[Image: “Mini Hoop / Toss (Santa Monica, California),” by John E. Simpson. (Photo shared here under a Creative Commons License; for more information, see this page at RAMH.)]
From whiskey river:
Yes, and the luminous and shocking beauty of the everyday is something I try to remain alert to, if only as an antidote to the chronic cynicism and disenchantment that seems to surround everything, these days. It tells me that, despite how debased or corrupt we are told humanity is and how degraded the world has become, it just keeps on being beautiful. It can’t help it.
(Nick Cave [source])
…and:
Ours is essentially a tragic age, so we refuse to take it tragically. The cataclysm has happened, we are among the ruins, we start to build up new little habitats, to have new little hopes. It is rather hard work: there is now no smooth road into the future: but we go round, or scramble over the obstacles. We’ve got to live, no matter how many skies have fallen.
(D. H. Lawrence [source])
Not from whiskey river:
#80: You’d like to believe people are good and charitable.
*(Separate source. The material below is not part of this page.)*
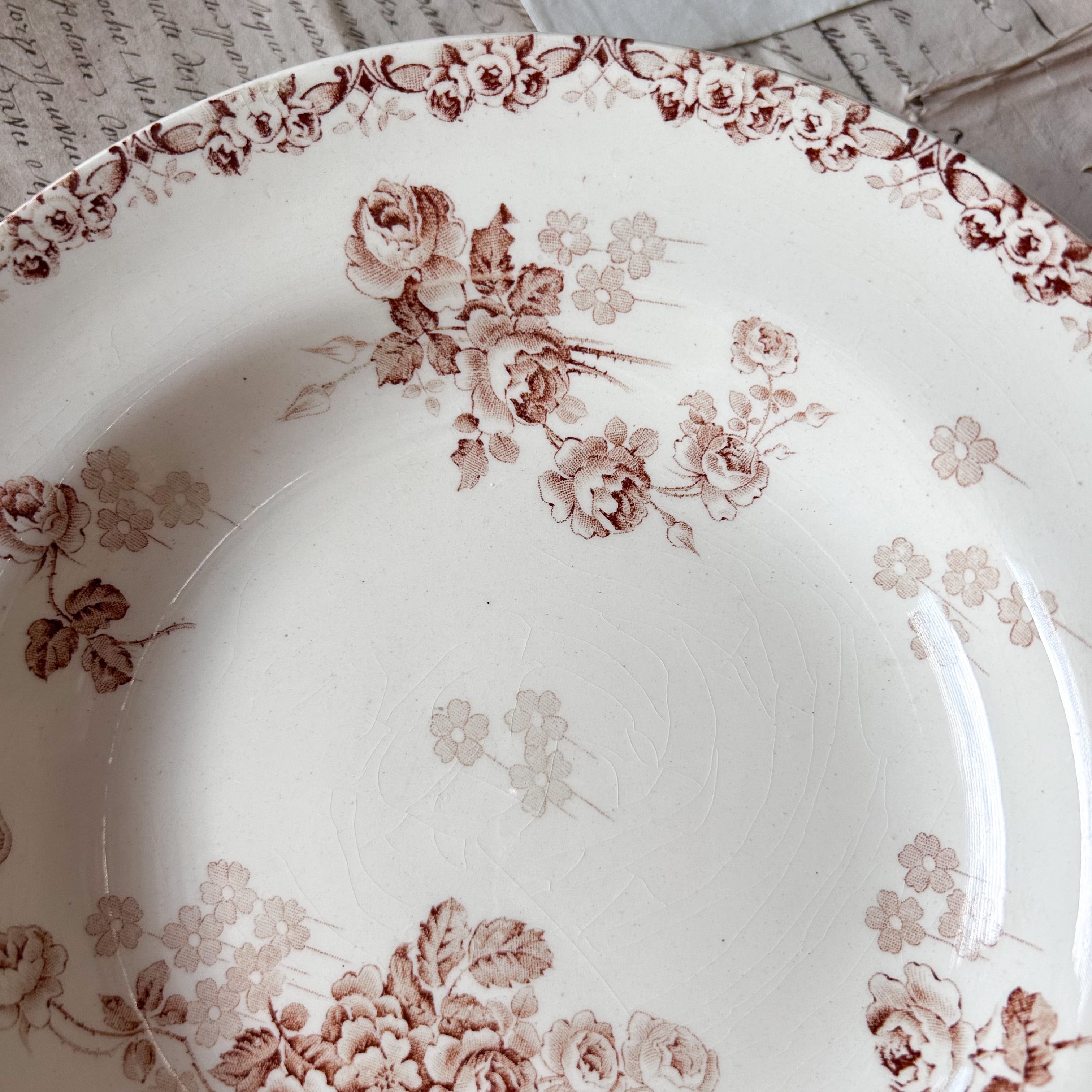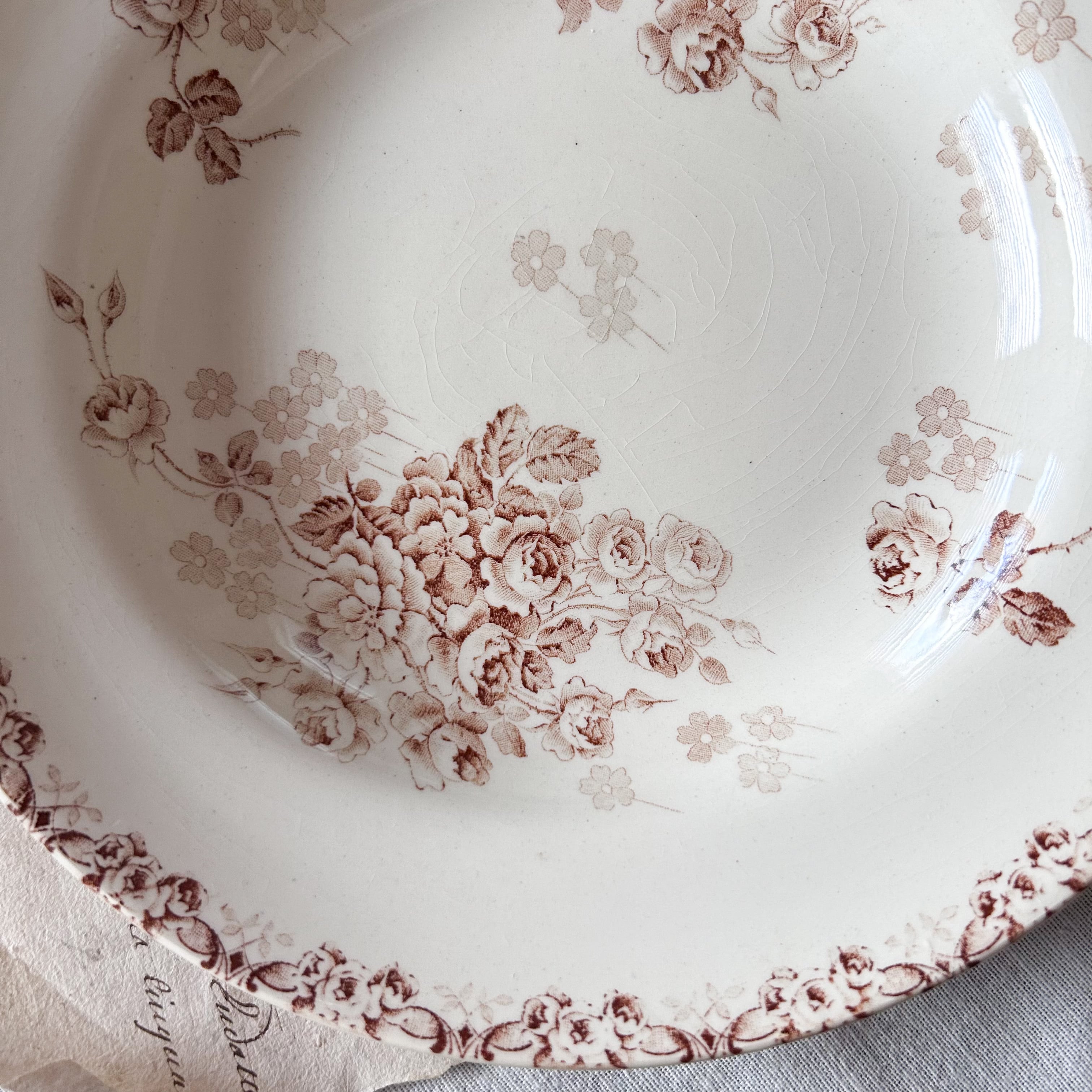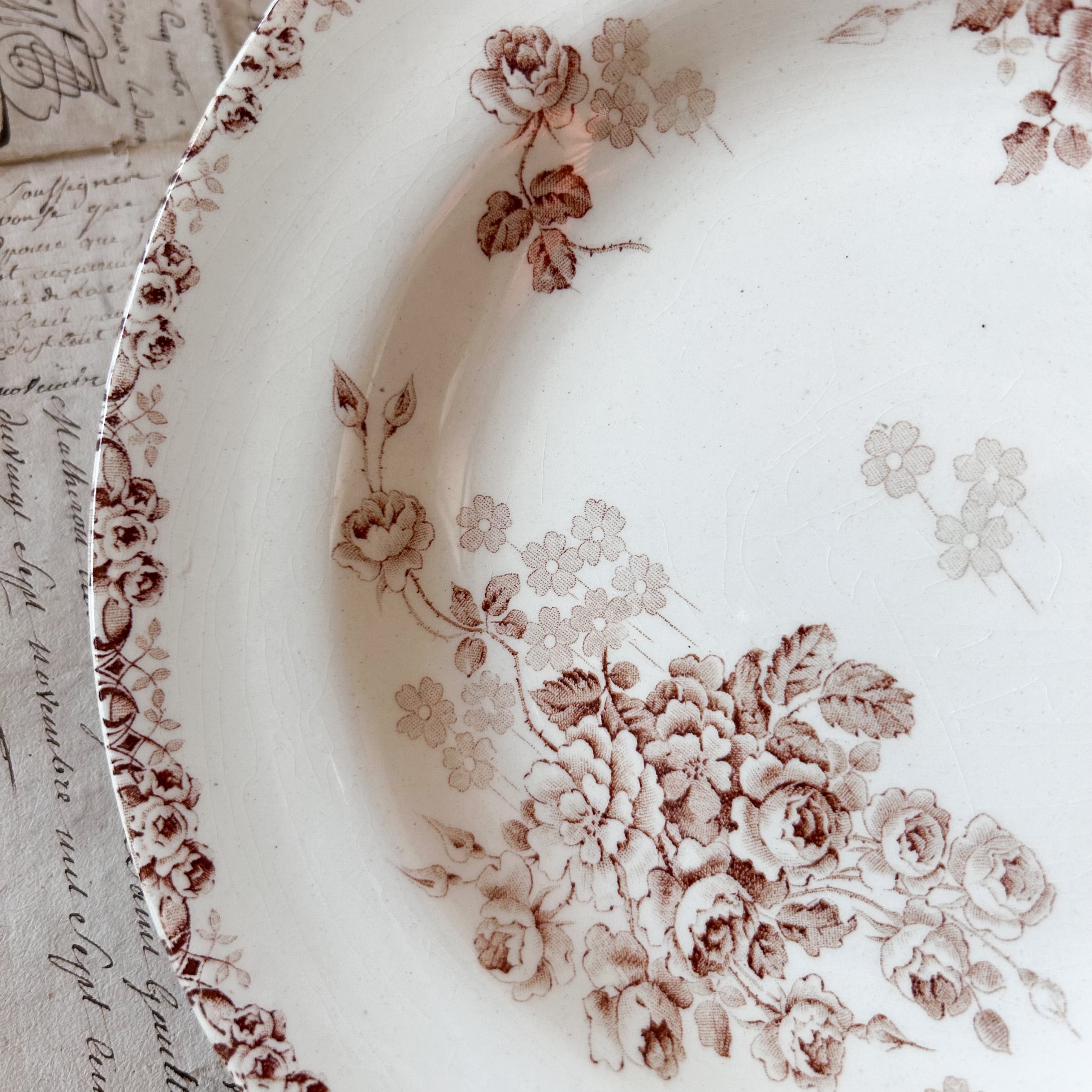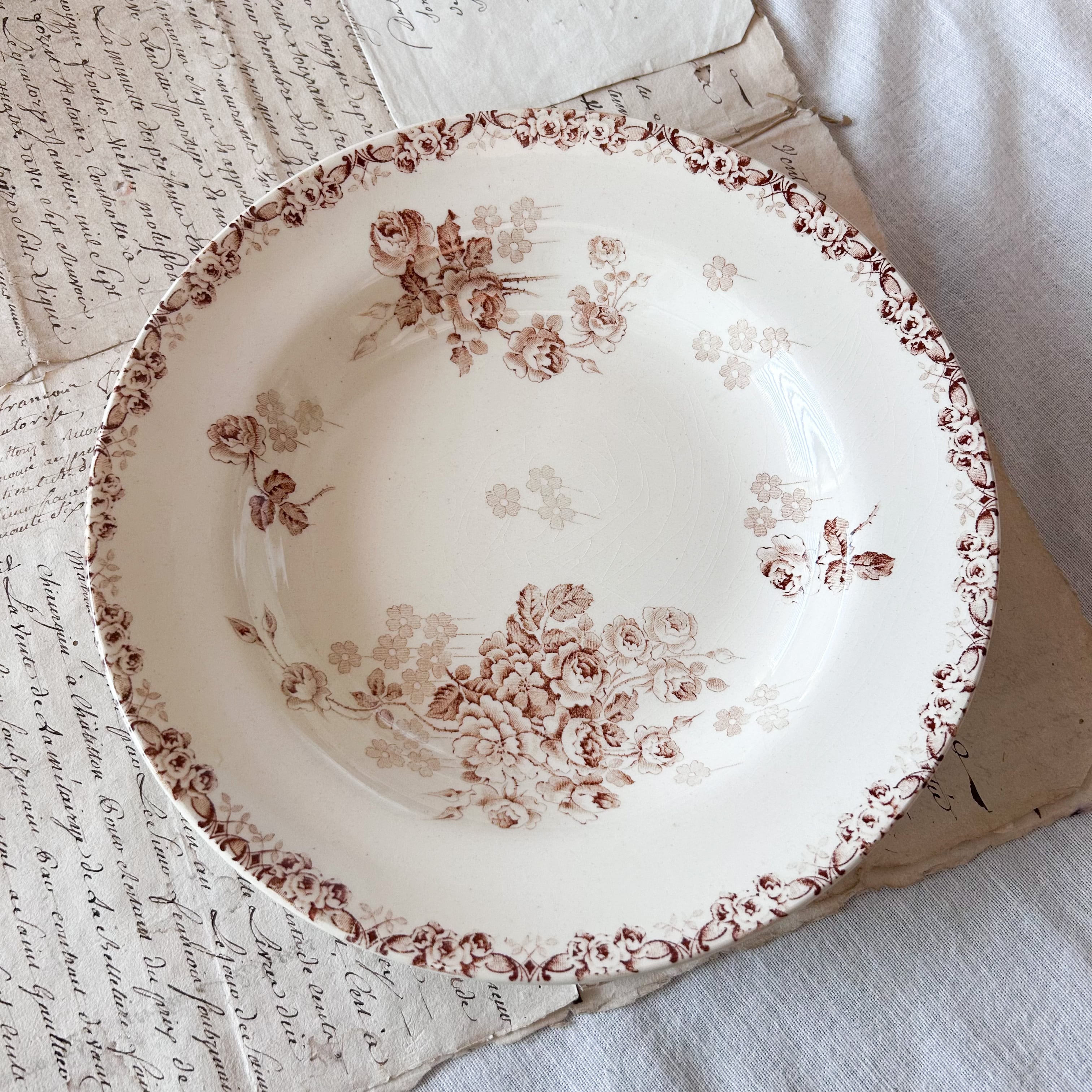 可憐な小花とバラがリースのように配置された上品なデザインが特徴のプレート。淡いブラウンのトーンで描かれた花柄が、優雅で落ち着いた雰囲気を漂わせます。縁取りにも繊細なバラのモチーフが施され、フレンチアンティークらしい気品を感じさせる一枚です。

You’d like to believe in what they used to call the Progress of Man. You’d like to believe you yourself matter in some lasting way, even to people you have never met — people you never could have met. You’d like to believe you’ll get through today without a single disappointment, without a single near-miss heart-stopping scare, without a single perversion of your intentions, without a single interruption even…
And then the evening comes, and you look back. And you realize, the one feature of your everyday life which never ever annoys you in the slightest, the one saving grace, the one scrap of flotsam to which you always and ever happily cling, is this: not any of the things you believe in, but belief itself.
The more you think about this odd assertion, the truer it seems. Finally you smile, and you drift off to sleep, believing anew.